Type curves that are commonly used to support strong hyperbolic flattening are misleading because they incorporate survivorship bias and rate increases from re-stimulations that require additional capital investment. Comparison of individual and group decline-curve analysis indicates that group or type-curve methods substantially over-estimate recoverable reserves.

Results to date in the Haynesville Shale play are disappointing, and will substantially underperform industry claims. In fact, it is difficult to understand how companies justify 125 rigs drilling in a play that has not yet demonstrated commercial viability at present reserve projections until gas prices exceed $8.68 per mmBu.

Production Volume and Reserve Growth vs. Profitability

Analysts, government agencies, academics and media pundits commonly equate large shale gas resource levels, production and reserve growth with commercial success. We do not dispute the impressive growth of shale gas resources, reserves or production. Examination of the balance sheets of the leading companies involved in shale gas development, however, reveals limited earnings or profit. We must ask the proponents of shale gas success to explain this fundamental discrepancy.

Some argue that price explains poor business results. First of all, whose fault is it that gas was over-produced to the point that prices were depressed other than the same companies that analysts praise for the shale gas revolution? Secondly, realized prices (the prices that results from hedging production volumes in advance of sales) over the past 5 or so years have never been higher because of high spot prices through mid-2008 and favorable hedge positions for much of the following period. This means that low prices cannot be blamed for lack of business success. The simple truth is that shale gas ventures are costly and profits are marginal at best.

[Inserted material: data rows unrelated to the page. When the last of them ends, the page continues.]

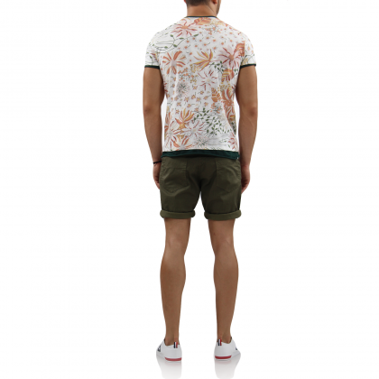 Мъжка блуза с къс ръкав Imperial съчетава класически дизайн с нестандартен десен, за да се превърне в акцент на вашата спортно-елегантна визия. Моделът е произведен от мека памучна тъкан с атрактивен флорален десен. Черното джобче си кореспондира идеално с черните елементи по деколтето, ръкавите и долната част на блузата. Комбинира се идеално с дрехи и обувки в спортен стил.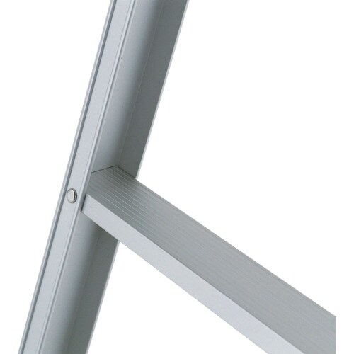 リベットジョイント構造です。超軽量コンパクトサイズのはしごです。オールアルマイト仕上げです。高所への昇降用。 |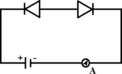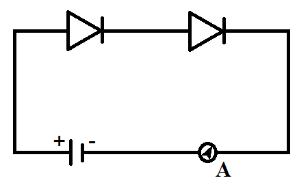 We have to find which circuit will not show current in the ammeter for the given options. We can see that the circuit contains forward and reverse bias. Current always flows from forward bias, and no current flows from reverse bias. So, from bias we will identify that from which circuit current does not flow.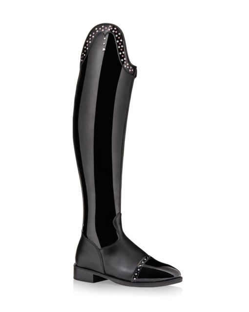 Botas de doma Borea: botas de doma altas completamente hermosas con detalles que te enamorarán desde el primer vistazo. El charol en combinación con la delicada decoración de Swarovski en la parte superior y el pie le da a estas botas un aspecto lujoso y elegante sin exagerar. Con una cremallera frontal y refuerzo exterior, estas botas de doma te asegurarán que te veas mejor cuando compitas. Principales características: Bota de doma de cuero barnizado con cremallera frontal y banda interior en cuero elástico verdadero o cuero Decoración de punta y punta con Swarovski Suela de cuero totalmente cosida Fuerte refuerzo en la pierna Personalización disponible Hecho a medida para garantizar el ajuste perfecto Disponible en negro, marrón caoba, azul (azul marino), marrón, bronce, rojo o azul océano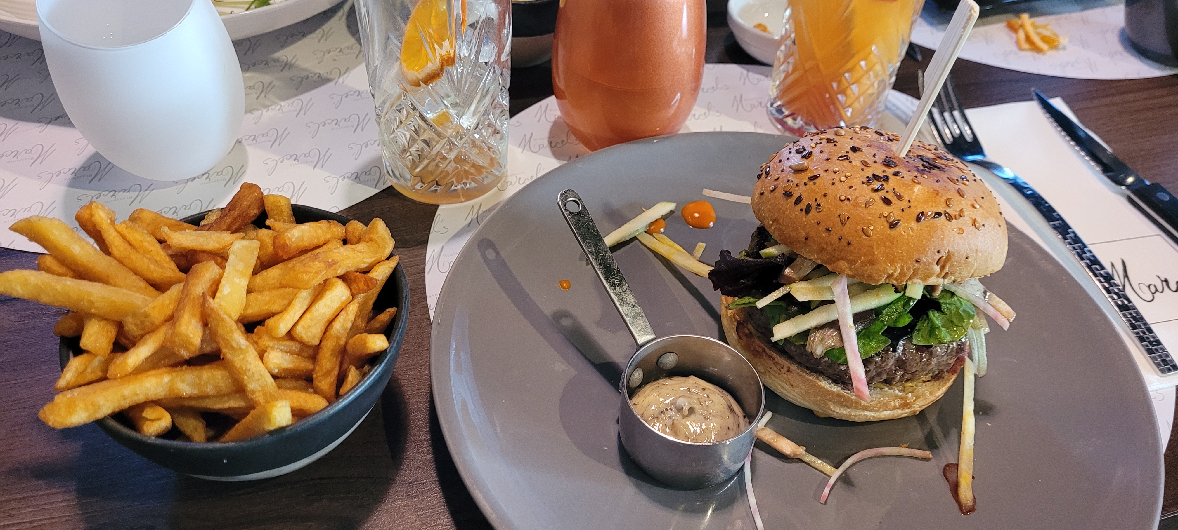 Lieu agreable , peu bruyant Plat juste bon tres peu de choix de burgers, manque de jovialité et de professionalisme chez les serveurs, oublie des sauces (arrivés quand on avait presque fini) zero excuse! nos *burgers maison* qui n'en sont pas (juste une galette avec un steak haché posé dessus et quelques feuilles de salade ainsi que 3 copeaux de parmesans ! Meme pas une sauce et une galette qui le recouvre...) 16euros tres decevant. Nous ne reviendrons pas malheureusement.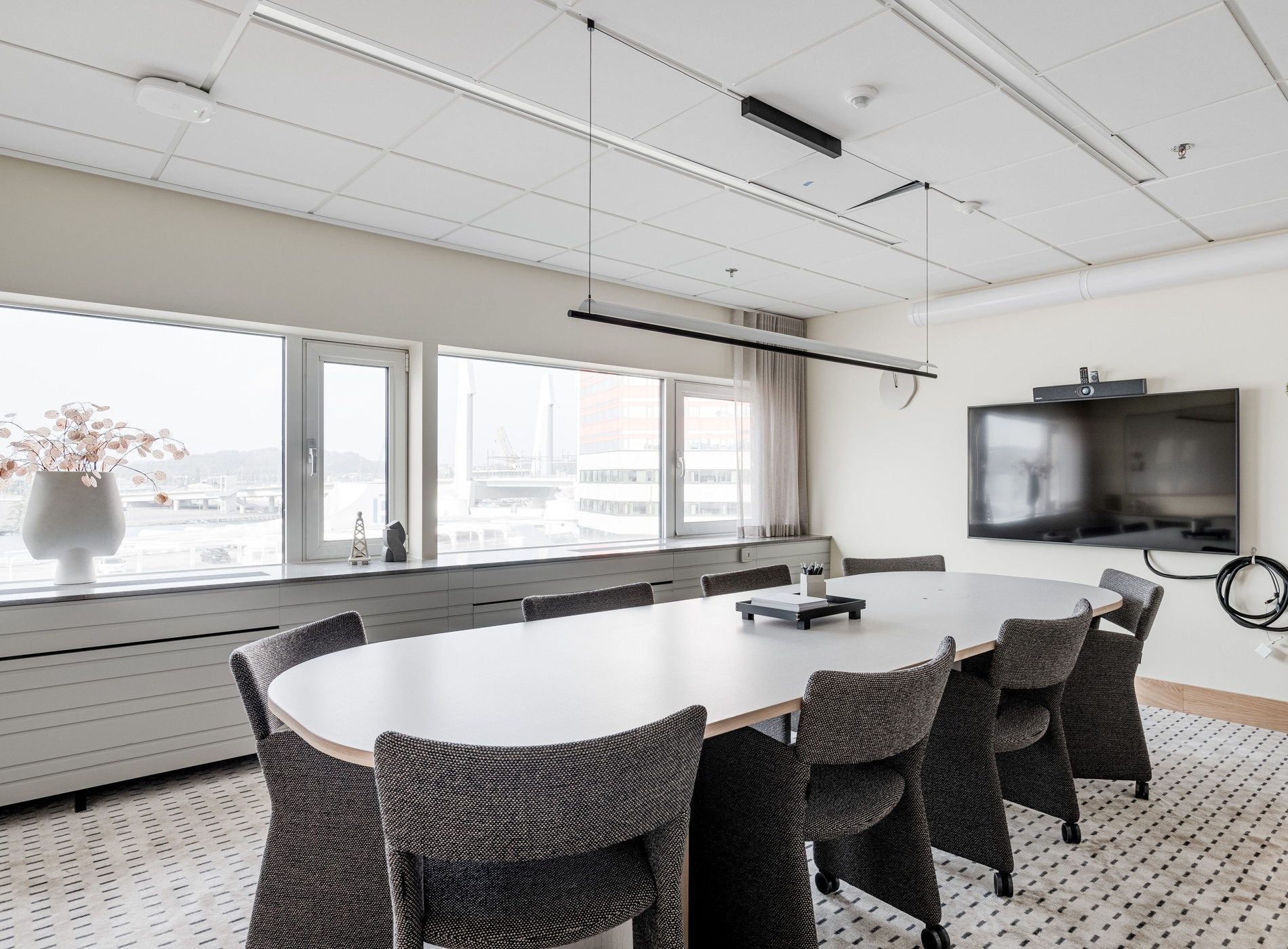 Utrustning: Whiteboard, skärm, videokonferensutrusning, högtalarsystem och sekretessgardin.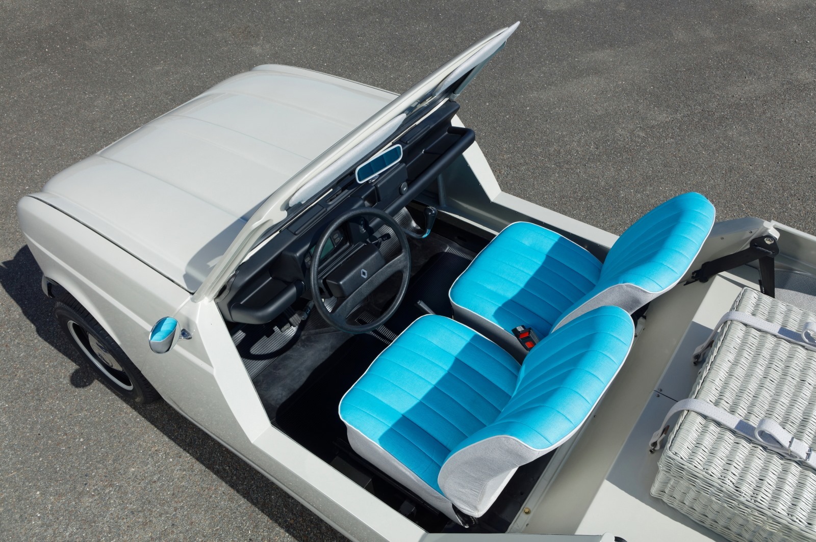 У хэтчбека Renault 4, выпускавшегося с 1961-го по 1994 год, была модификация Plein Air (1964) без дверей и крыши, зато с большим клиренсом и полным приводом. Французская армия машину забраковала, выбрав более дешёвый и способный Citroen Mehari. Гражданское население кабрик тоже не впечатлил, поэтому в 1970-м проект был свёрнут. Вернулись к нему реношники из-за десятого по счёту международного фестиваля 4L International, проходившего 19–21 июля на французском автодроме Circuits du Val de Loire. Там была показана электрическая версия e-Plein Air с агрегатом от Renault Twizy.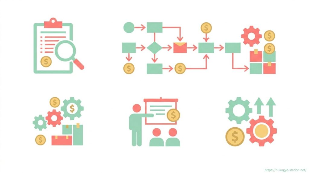 工程の間で平均15分待っているなら、引き渡しルールを決めて5分以内に抑えることで、全体の作業時間を6時間から4時間程度まで短縮し、同じ人数でも1日の出荷件数を200件から260件程度まで増やせます。
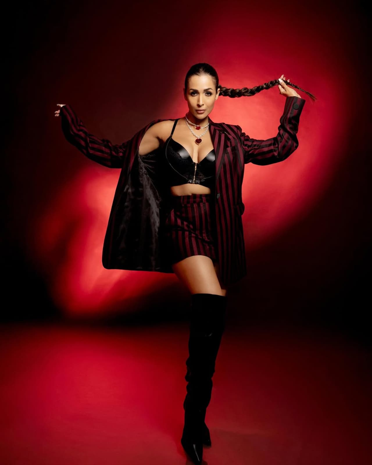 तस्वीरों में मलाइका अरोड़ा ने जो ब्लेजर पहना है, वह अलूला ब्रांड का है। उनका ब्रालेट हंकेमोलर इंडिया ब्रांड का है।

Three decades of natural gas extraction from tight sandstone and coal-bed methane show that profits are marginal in low permeability reservoirs. Shale reservoirs have orders of magnitude lower reservoir permeability than tight sandstone and coal-bed methane. So why do smart analysts blindly accept that commercial results in shale plays should be different? The simple answer is found in high initial production rates. Unfortunately, these high initial rates are made up for by shorter lifespan wells and additional costs associated with well re-stimulation. Those who expect the long-term unit cost of shale gas to be less than that of other unconventional gas resources will be disappointed.

Entry of Major Oil Companies Into Shale Plays

Another common theme among shale advocates is that the entry of major oil companies into some of these plays proves that they are commercially viable. There are as many reasons for big companies to enter shale gas plays as there are big companies but the most obvious reason is reserves.

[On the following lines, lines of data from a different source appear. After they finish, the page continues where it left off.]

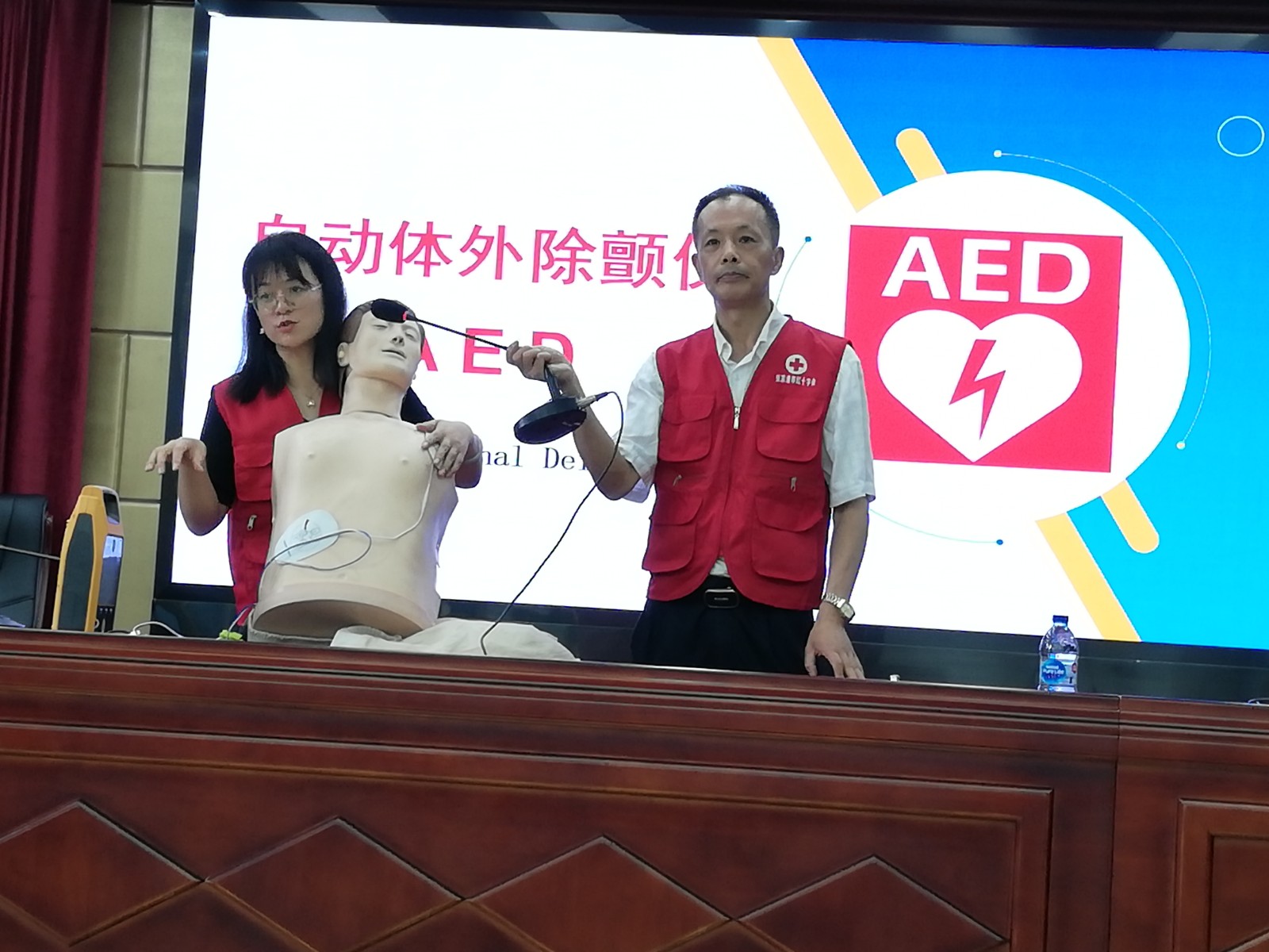 培训课上,红十字救护培训师通过理论、现实案例和实际操作,介绍了心肺复苏、海姆立克急救法以及AED机使用方法。现场学员积极互动,气氛活跃。
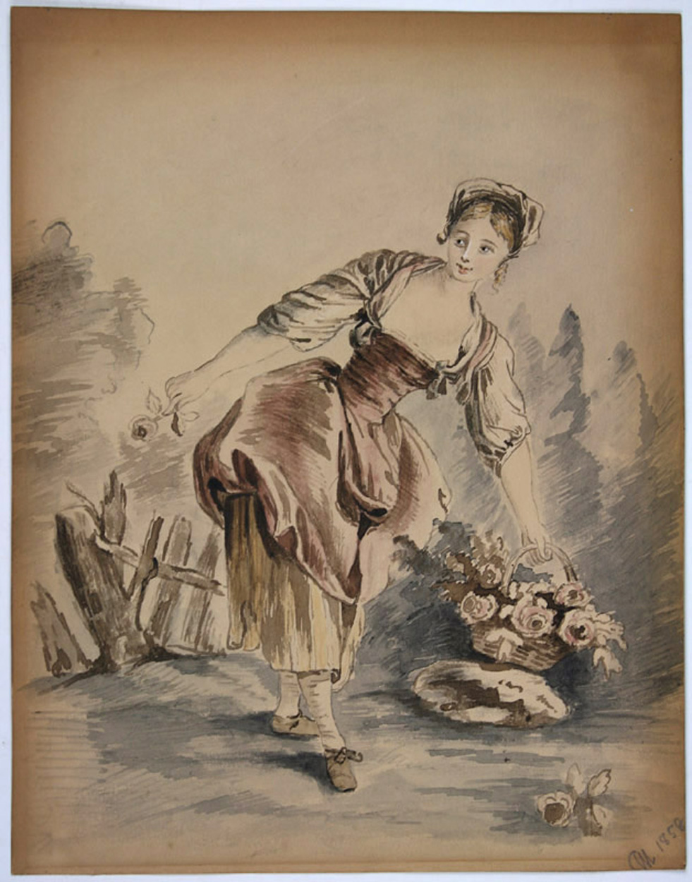 Feder in Braun, aquarelliert auf bräunlichem Papier. 28,6 x 22,4 cm. Unten rechts undeutlich monogrammiert und datiert: 1858.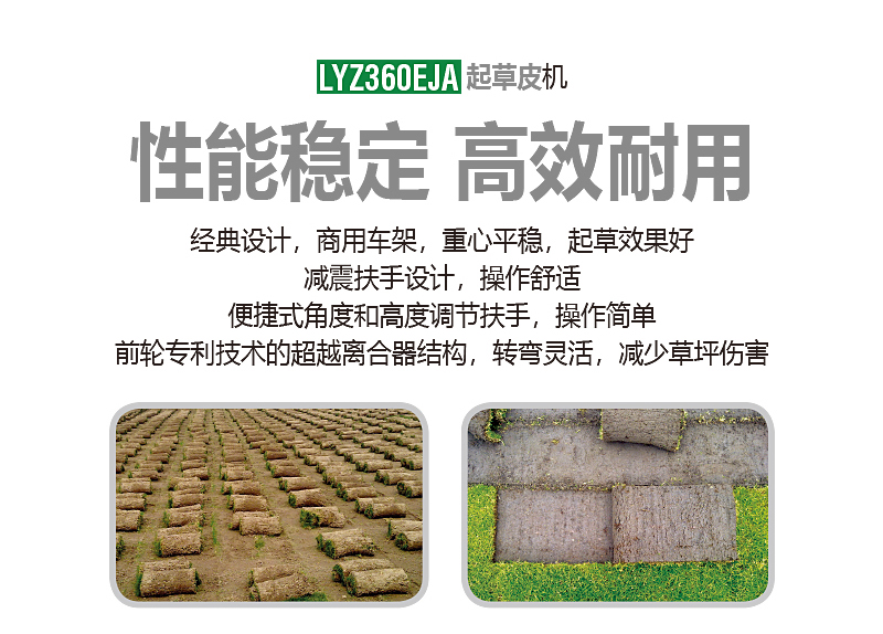 美神起草皮機根據(jù)人體工程學原理,改進了操作方式,扶手增加減震,后輪為萬向輪并配有超越離合器,轉彎方便且不損壞草坪,增加了操作者舒適度。本產品可根據(jù)不同草種和不同狀態(tài)草皮隨意調整起草的深度、角度,效率高。

Reserve replacement has been a challenge for major oil companies for at least the last decade as opportunities in the international arena have contracted. North American shale gas plays offer a temporary solution. Whether big companies can find operational and technological ways to make these plays commercial is another question but, for the short term, shale plays provide a means to add reserves.

The notion that investment by large companies proves commercial success is disproved by recent history. We have to look no further corn ethanol and other biofuel companies where optimistic claims of profitability are now seen to be unfounded. This is even with government mandated use, major subsidies, and import tariffs to protect domestic producers from competition. An excellent discussion of the details of this situation by Robert Rapier can be found here.

Evaluation of Shale Gas Well Performance

Our analysis of shale gas well decline trends indicates that the estimated ultimate recovery (EUR) per well is approximately one-half of the values commonly presented by operators. The average EUR per well for the most active operators is 1.3 Bcf in the Barnett, 1.1 Bcf in the Fayetteville, and 3.0 Bcf in the Haynesville shale gas plays.

The primary difference between our analysis and the typical well profile proposed by operators is that we observe predominantly exponential (weak to moderate hyperbolic) decline in most of the individual well decline trends, rather than steadily flattening hyperbolic decline. For the Barnett and Fayetteville shale plays, we identify a two-stage exponential decline based on decline curve analysis (DCA) of individual wells; for the Haynesville Shale we observe predominantly exponential decline for individual wells.

Two-stage exponential decline is characterized by an initial ten- to fifteen-month period of steep decline followed by a stable, shallower rate of decline that continues up to the present life of wells (commonly for four or more years to date in the Barnett Shale). Our emphasis is on matching the relatively stable, shallower stage (Exhibit 1) because that is the portion of the decline history that best predicts future performance.

In contrast, most producers and industry analysts match the entire production history with a hyperbolic profile with resulting hyperbolic curvature, or “b”, exponents of more than 1.0 (Exhibit 2). This invariably results in a much higher EUR and longer well life because the decline rate progressively flattens beyond production history to very low terminal decline rates of a few percent.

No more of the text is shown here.